May 19, 2007
   Posted in News Flash
Published By Tashi
Columns/Reviews

First day first show: Richard Gere is my hero

Saturday, 19 May 2007, 10:47 a.m.


By Dhundup Gyalpo

(Photo: www.tibetanfilms.com)



“A JUMBLED MIX of conflicting emotions and contradictory realities that are part and parcel of daily life in exile,” I scribbled on a piece of paper, slightly taken aback by the request for my comments on “Richard Gere Is My Hero”.

I am not a film buff, nor do I ever pretend to be one. A stroke of luck had landed me at the film’s exclusive premier for writers and activists, following the one for the top echelons of Tibetan dignitaries, which included Kalon Tripa Samdhong Rinpoche and Speaker Karma Chophel.

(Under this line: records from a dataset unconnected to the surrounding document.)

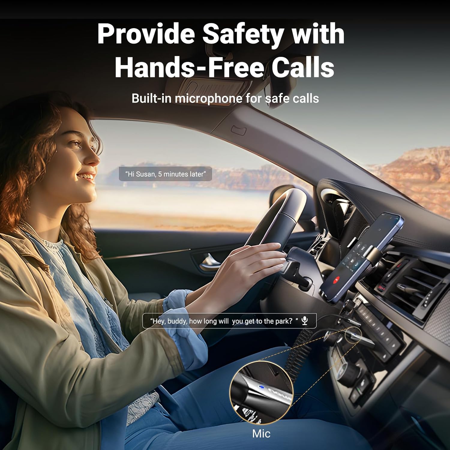 - Built-in Microphone for Safe Driving: UGREEN wireless Bluetooth 5.3 receiver audio adapter built-in microphone, you can hand-free calling or voice-navigation just pressing a button on the phone and keep a safe driving trip
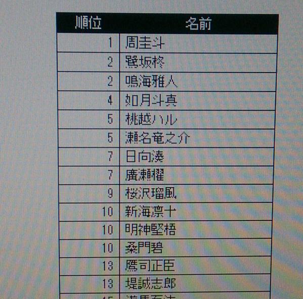 ◆ちょっと目を離した隙に、中間ランキングが。3018位って!!周くん3枚目逃した!!なんてことだ!!最終ランキングは1000位以内だもんな。無理だ。もうやる気失せた^^;
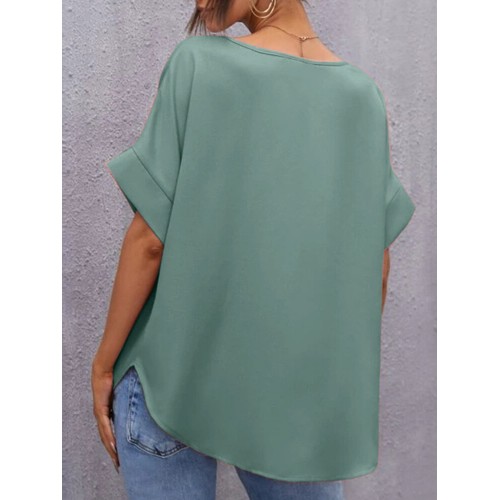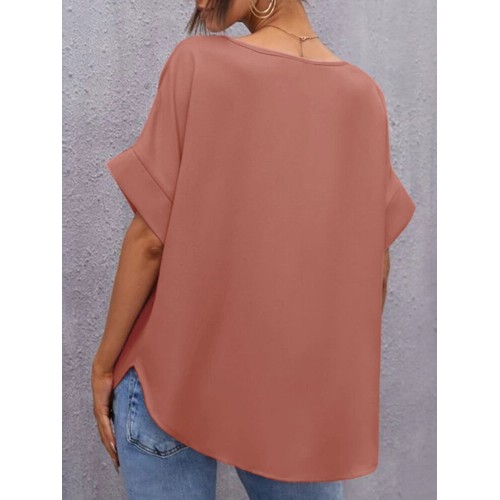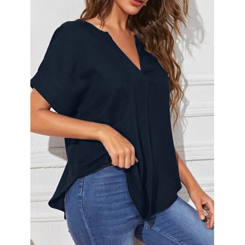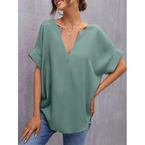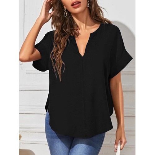 Solid V Neck Short Sleeve Loose Casual Blouse
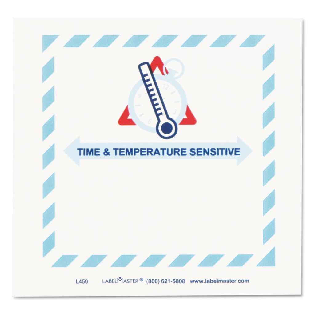 Shipping and Handling Self-Adhesive Labels, TIME and TEMPERATURE SENSITIVE, 5.5 x 5, Blue/Gray/Red/W
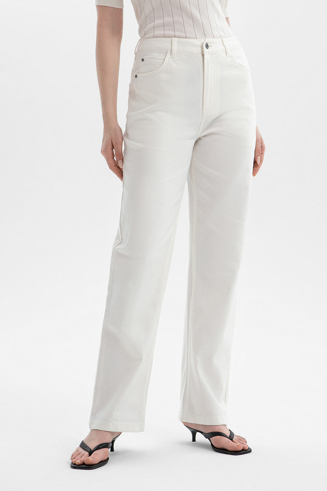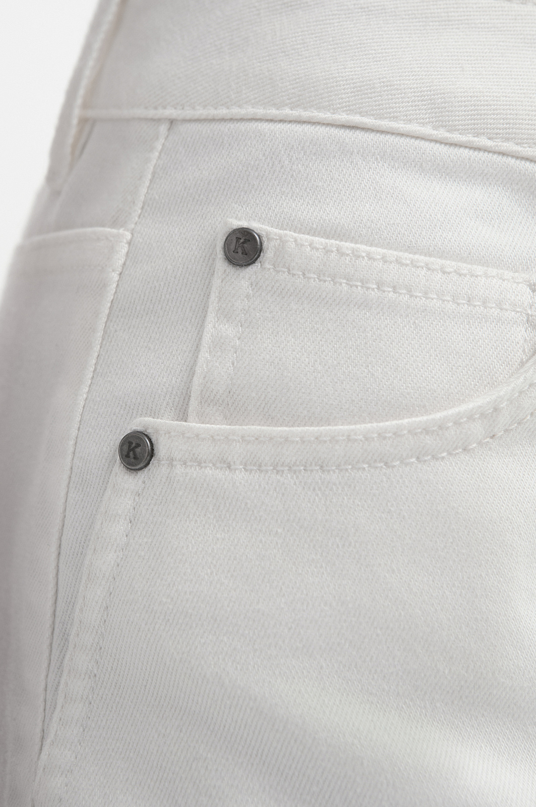 Белоснежные джинсы KANZLER привносят в образ расслабленный шик и курортную элегантность. Они созданы для тёплых солнечных дней, которые хочется проживать медленно, наслаждаясь каждым мгновением. Модель с высокой посадкой и прямыми, умеренно широкими штанинами украшает фигуру любого типа. Аккуратные фирменные заклёпки добавляют дизайну выразительный, но сдержанный штрих. Мягкий деним выполнен из гипоаллергенного дышащего хлопка, который поддерживает приятную для тела температуру. Небольшое добавление спандекса (2%) делает ткань более эластичной — она подстраивается к движению, сохраняя аккуратную посадку и форму.
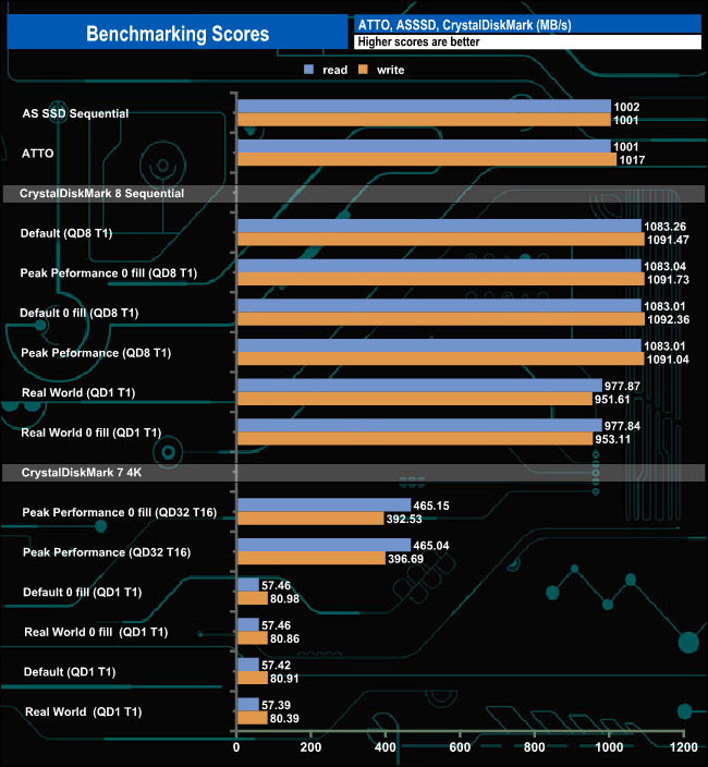 Although the review drive came bundled with a PCIe Gen3 drive in the shape of a WD Blue SN570 drive, the enclosure also supports Gen4 drives so we did some retesting using a 1TB Samsung SSD980 PRO. Switching over to the Gen4 drive saw both the ATTO and AS SSD Sequential test result figures rise from 848MB/s (reads) and 936MB/s (writes) to 1,001MB/s and 1,017MB/s for read and writes respectively using ATTO. AS SSD figures rose from 959MB/s (reads) and 915MB/s (writes) up to 1,002MB/s for reads and 1,001MB/s for writes.
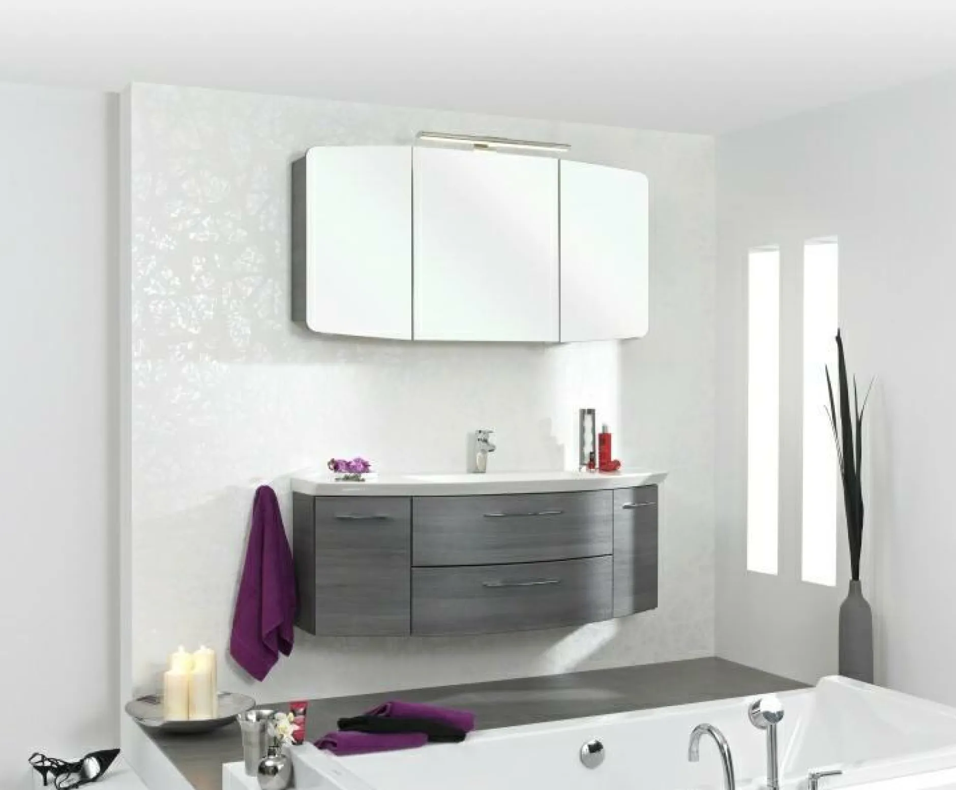 Preisgleich ist das Bad in 11 Front- und Korpusfarben planbar. Bitte rufen Sie uns hierzu an.
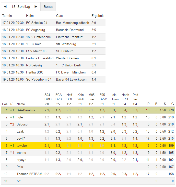 NI-Tippspiel zur BuLi-Saison 2019/20
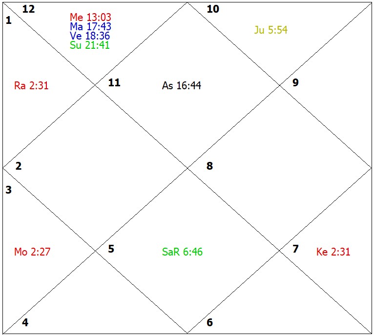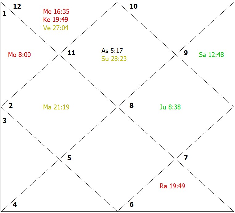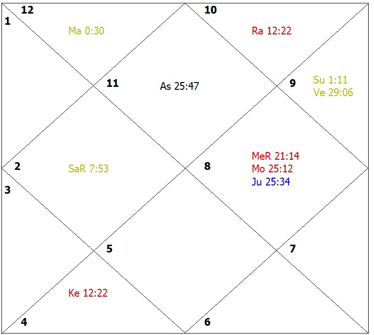 During the sub-period of Rahu in the main period of Jupiter, however, there were obstructions and financial constraints, as Rahu afflicts Mercury ruling inherited wealth and obstructions. The wife of the native keeps indifferent health. Due to the weakness of Mars, though enterprising, the native is lacking activeness. The problems were experienced by the native in the sub-period of Mercury in the main period of Saturn through financial losses. Both Saturn and Mercury are badly placed and heavily afflicted. This period proved quite bad for health of self and spouse and brought financial losses due to litigations. However, due to the powerful placement of Jupiter, the native was impelled to seek the help of divine science and, as a result of that, the ill effects were reduced to a large extent due to sincere performance of astral remedies.
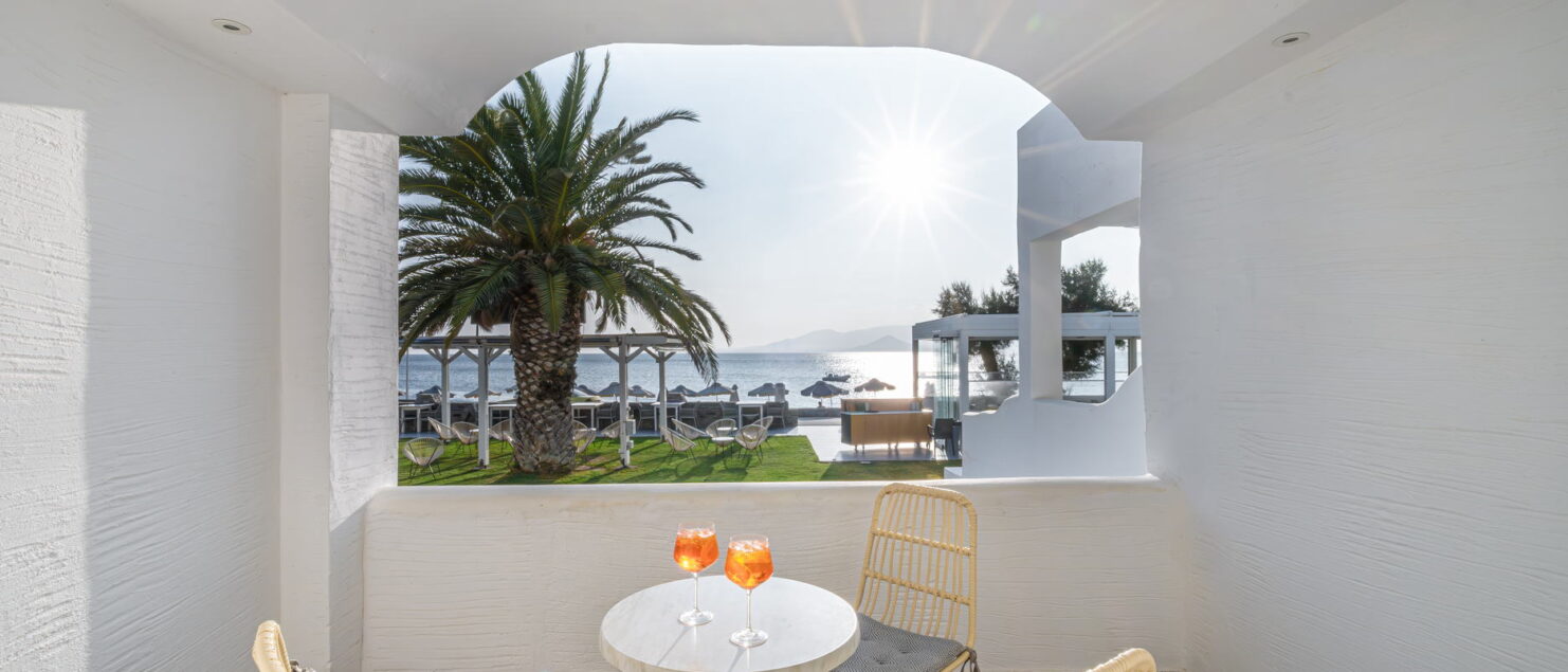Located on the first floor, it offers an exquisite private veranda (485 sq.ft / 47m2) with a hydromassage, where you can admire stunning views of the Aegean Sea. If the weather permits, Mykonos, Delos, and Rineia can all be seen; even Paros.

In all honesty, the film was my first in a long, long time that I had watched as “a full-time job”. (I believe in multi-tasking my leisure hours. So when I am watching movies at home, I am used to doing other things simultaneously, like reading, writing and so on. )

For those who are eagerly looking forward to its release, the wait ends today. Its first public premier is slated for this evening at the Yongling school hall. As there is no system of advance booking, sources say that the queue to the ticket window could be extremely long. So, brace yourself for the long haul ahead.

“This film marks a new milestone in the careers of young Tibetan filmmakers,” the person next to my seat proclaimed his verdict, and I kind of agreed in part. Compared to Phun Anu Thanu, this was a giant leap forward. Lest you misunderstood, I must say the previous films or documentaries by Tibet Motion Pictures and Arts, including “Democracy in Exile” and “The Great Tibetan Laughter Show”, were also believed to have been quite popular in the exile community.

“Richard Gere Is My Hero” is a romantic comedy of 1:45 hrs length that revolves around the lives of four friends in exile–one of whom is a Richard Gere fanatic. It took six months for the duo filmmakers, Tashi Wangchuk and Tsultrim Dorjee, to shoot the entire film in and around McLeod Gunj, with a miniscule budget of eight hundred fifty thousand rupees.

Unlike the romantic comedies that we have been so used to, in order to enjoy this film, you need not leave your common sense back home. With such amusing characters as Acha BBC, Love Guru, etc., there are moments when you just can’t help laughing until your stomach and jaws began hurting. The film I think will be best remembered for its sheer entertainment value, that will lead audiences by their nose to the theatre.

To cut the long short, the duo directors have deftly squeezed in all the right ingredients for what could have been a flop-proof Bollywood hit: romance, action, drama, tragedy, and above all, a triangle love story. Exciting promos of the film on the local cable TV has already created some momentum. The organizers are therefore expecting over 600 people to show up at the premier this evening, when the chief guest, Deputy Speaker Dolma Gyari, will also honour the film’s cast and crew.

Although, in the larger scheme of things, the young Tibetan filmmakers–including Sonam Wangdu and Tenzin Gyathar (Metse), Kelsang Tsering (The Joy of Living), Thupten Nyima (Following Kunsel) and Sonam Tsetan (Tsampa to pizza)–may have much to catch up before they could stand comparison to the seasoned, senior Tibetan filmmakers like Tenzin Sonam (and Ritu Sarin), Tsering Rithar and Kesang Tsetan, the gap between the two is closing in by leaps and bounds. The day may not be far when in order to review a Tibetan film, you will not start by running a mental inventory of 101 things that could have gone wrong or short during the making of the film. Given that the creativity of our young filmmakers has to be confined within a shoestring budget, we habitually lap up their end produce.

They say Hollywood, or Bollywood for that matter, is run by a system of stars, i.e. when a film gets the backing of good stars, everything else trickles in, including the finances. I wonder about the day when we would be having our own system of Dollywood stars. Can you imagine?! It’s surreal, but very nice.